Other obligations of the interns will be to keep confidentiality in relation to the internal information of the company and to keep professional secrecy about their activities, during the period of practical training and after it; o Show, at all times, a respectful attitude towards the company’s policy, safeguarding the good name of the training center to which it belongs.
CRUE Spanish Universities has shown its rejection of the Scholarship Statute project since, in its opinion, it constitutes “a threat” to the internship model in force in the Spanish university system.
Thus, the rectors show their discrepancy for the way in which it has been negotiated, since the internships of university students “are a strictly academic matter”, for which reason they do not understand the reason why the unions and employers are the ones who agree its legal regime.
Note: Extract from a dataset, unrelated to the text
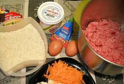 Берем уже готовый фарш, остывший рис, половину предварительно мелко нарезанного лука, два яйца, соль и специи. Смешиваем все ингредиенты максимально тщательно, до получения однородной массы.
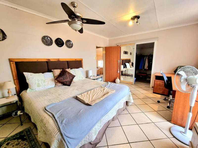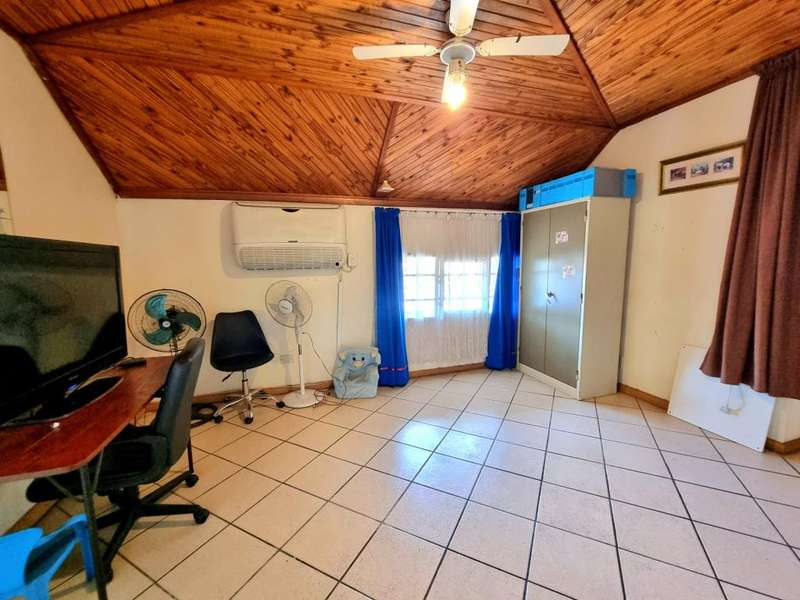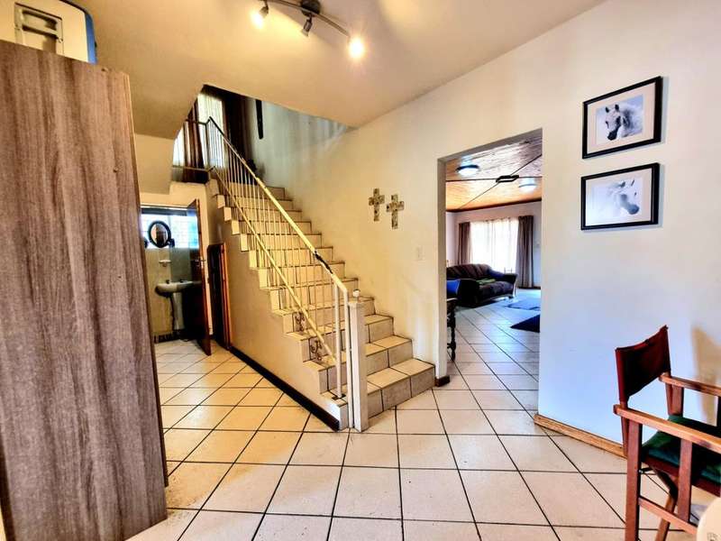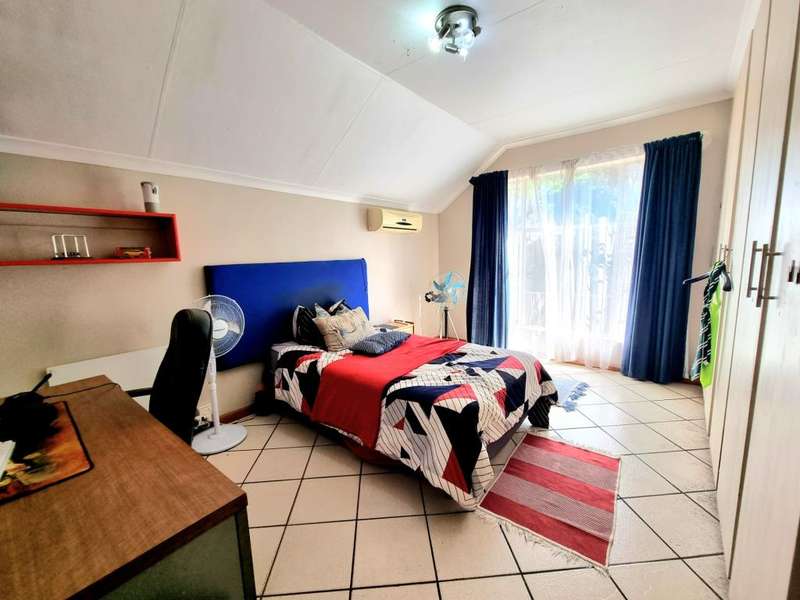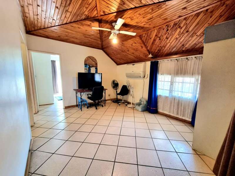 4 Bedroom House For Sale in Modimolle This spacious family home is set on a large panhandle stand in a quiet, established neighborhood of Modimolle. A welcoming front patio leads you into the home, where a bright and airy open-plan living and dining area creates the heart of the house. Just off the living space, a study nook leads to the first bathroom and the staircase to the upper floor. The kitchen is generously sized and fitted with an electric hob and oven. A separate scullery and laundry room provide convenient access to the single garage, while a back door opens to a tidy backyard featuring an outdoor toilet and a Wendy house for storage. Upstairs offers a second lounge area and four well-proportioned bedrooms, serviced by a second bathroom. The main bedroom includes air conditioning and a walk-in closet, while two additional bedrooms also have air conditioning and built-in cupboards. The home is equipped with a water tank and pressure pump to ensure consistent supply. A double carport and a single garage with a roll-up door provide ample parking. For more information or to arrange a viewing, please get in touch.

“There is no question of their ability –and that of the Ministry of Labor– to set the border between what are academic practices and what are not, by configuring a true and proper work contract. But, once that border is established, unions and employers have nothing to decide regarding the legal regime of academic practices. This is an exclusively academic matter whose regulatory competence falls on the Ministry of Universities and on the universities themselves,” the organization alleges.
In addition, it is “radically” opposed to the establishment of compulsory compensation for the expenses that the internship student may incur. For CRUE, it is an “unprecedented” provision in Spanish Law and maintains that its “immediate” consequence is that the number of companies and “above all” public entities willing to receive internship students will decrease “dramatically”.
The Spanish Confederation of Business Organizations (CEOE) also has a position “opposite” to the agreement between the Government and the unions. In the first place, “because of the form”, since it considers that “the approval of this norm is not appropriate in a period of dissolution of the Chambers nor is there an urgent and extraordinary need”.
Secondly, the employers do not support this agreement “for the fund”, since they believe that “it limits the number of hours so much and increases the bureaucracy so much that it will harm the practical training of the students, something essential to guarantee their employability and to build bridges between theoretical training and the world of work”.
“In addition, there are discrepancies between the regulation of this standard and the recently approved university regulations, with which the risk of incurring sanctions due to lack of legal certainty is high,” warns the CEOE.